A Brief Outline of the Life of Ethel Stanwood Bolton by Meredith Marcinkewicz

Mrs. Ethel Stanwood Bolton was an artist, author and antiquarian, well known in Shirley, Fitchburg, and Boston.   Mrs. Bolton died 45 years ago, but her work on the early history of Shirley is still the first reference for many researchers.

Mrs. Bolton was born in Boston in 1873. The daughter of a newspaper editor, Mrs. Bolton graduated from Wellesley College in 1894 and was married in 1897 to Charles Knowles Bolton, an historian and author who was the son of two writers.  It must have been natural for Ethel to continue writing throughout her life.  When Charles and Ethel moved from Boston to the old brick house on Center Road in Shirley, at the turn of the last century, Ethel began writing a book about the hip roofed house and her experiences in making it a suitable place to raise young children.  By 1905 their house was featured on the cover of Suburban Country Life. What started off as a summer residence later became a year round home.

While Charles was working as Librarian of the Boston Athenaeum, Ethel was serving as Registrar for the Massachusetts Society of the Colonial Dames and writing books about colonial samplers and the early American techniques of making portraits out of wax.  While Charles was becoming one of the first Presidents of the Society for the Preservation of New England Antiquities, Ethel was copying cemetery inscriptions from the old cemetery in Shirley Center and transcribing the diary of an 18th century farmer named James Parker.  Both of these were later printed in the New England Genealogical Register and the diary formed the basis for a chapter in what was to become Ethel’s History of Shirley, Upland and Intervales.

At various times in her literary and political career, Mrs. Bolton belonged to the Book-in-Hand Club, the Altrurian Club, the Groton District Women’s Republican Club, the Taxpayers’ Association of Shirley, the Groton Garden Club, the New England Club of Fitchburg, the Fitchburg-Wellesley Club and the Women’s Republican Club of Boston.   She was also one of the first women to vote in Shirley after the passage of the 19th amendment.
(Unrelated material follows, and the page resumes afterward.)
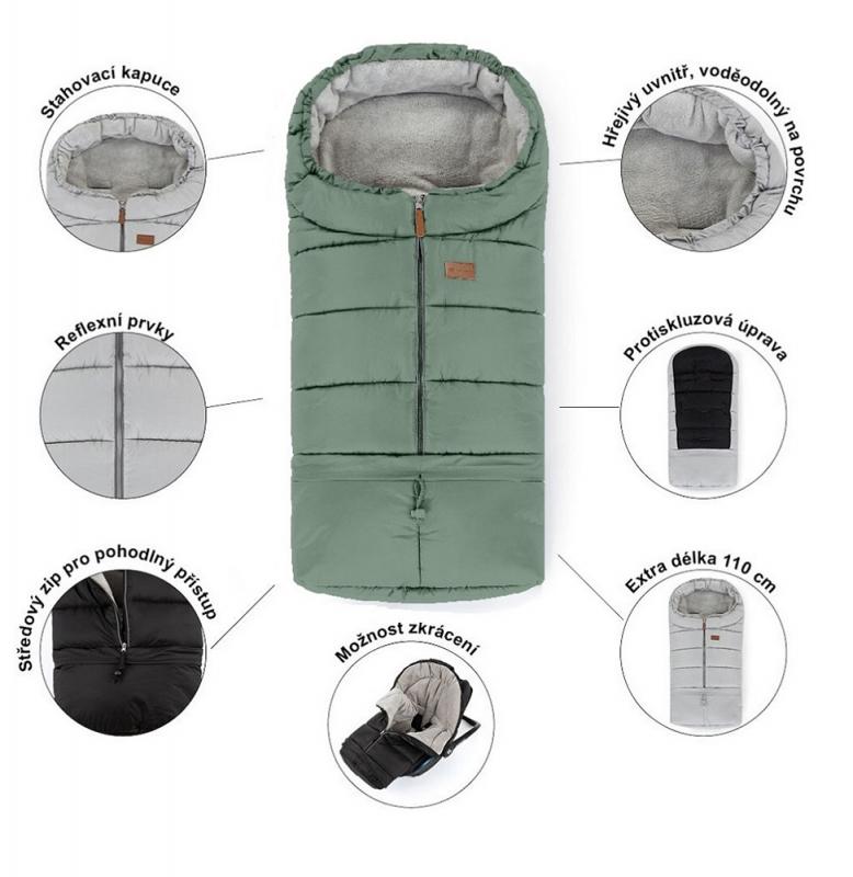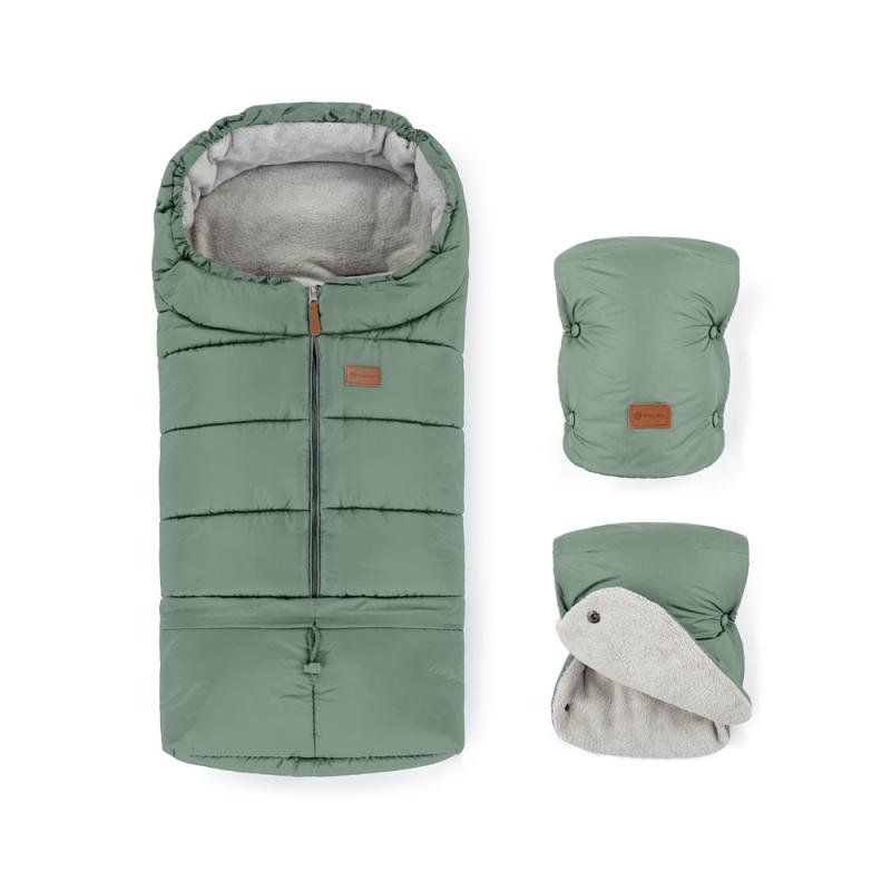 PETITE&MARS Set zimný fusak Jibot 3v1 + rukavice na kočík Jasie Pale Eucalypt

Mr. and Mrs. Bolton were early collectors of Shaker furniture and crafts and also loved to visit estate sales to pick up bargains.  In 1912 they hosted an Open House, at their home in Shirley, for the members of SPNEA.  They were two of the first members of Trinity Chapel in Shirley Center, and enjoyed having company over to Sunday tea after worship.

With all this information, less is known about Mrs. Bolton’s artistic tendencies.  We do not know if she had any formal art training.  Someone once said that she did woodcuts, but the pictures we see in her books are really pen and ink sketches.  In 1899 Mrs. Bolton published the History of the Stanwood Family, but did not include any of her own sketches.  In 1910  Scotch Irish Pioneers, by Charles K Bolton, was illustrated by Ethel Bolton, with maps, ships,  and Irish village views,   This may have been the first time her illustrations were published.
 
In 1914  Shirley Uplands and Intervales, written and illustrated by Mrs. Bolton, gave anecdotes of Shirley history, genealogical information, and the history of many of Shirley’s older homes.  Mrs. Bolton took new photos and used old glass negatives as models for her sketches of the homes.

In 1927 Mr. Bolton published his book American Armory .   He does not credit his wife with the illustrations, but they look like they could have been hers.   In 1929 C. K. Bolton published The Real Founders of New England, with maps and coastal scenes drawn by Ethel.   The Shirley Historical Society has a copy of this book as well as some of the original sketches.

In 1931, Mrs. Bolton illustrated the New Year’s letter of the rector of the  Old North Church in Boston.  In 1935, she illustrated her husbands latest book, Terra Nova, The Northeast Coast Before 1602.

There were many Christmas greetings featuring sketches of various of churches around old England and New England, of course including Trinity Chapel and the First Parish Meetinghouse.

Margaret Frasier, of Ayer,  has a Dodge family coat of arms that was drawn by Mrs. Bolton. We don’t know how many other samples of her work may be in the back parlors of Shirley homes, but we do appreciate all that was done by Mrs. Ethel Bolton to preserve these views of Shirley history.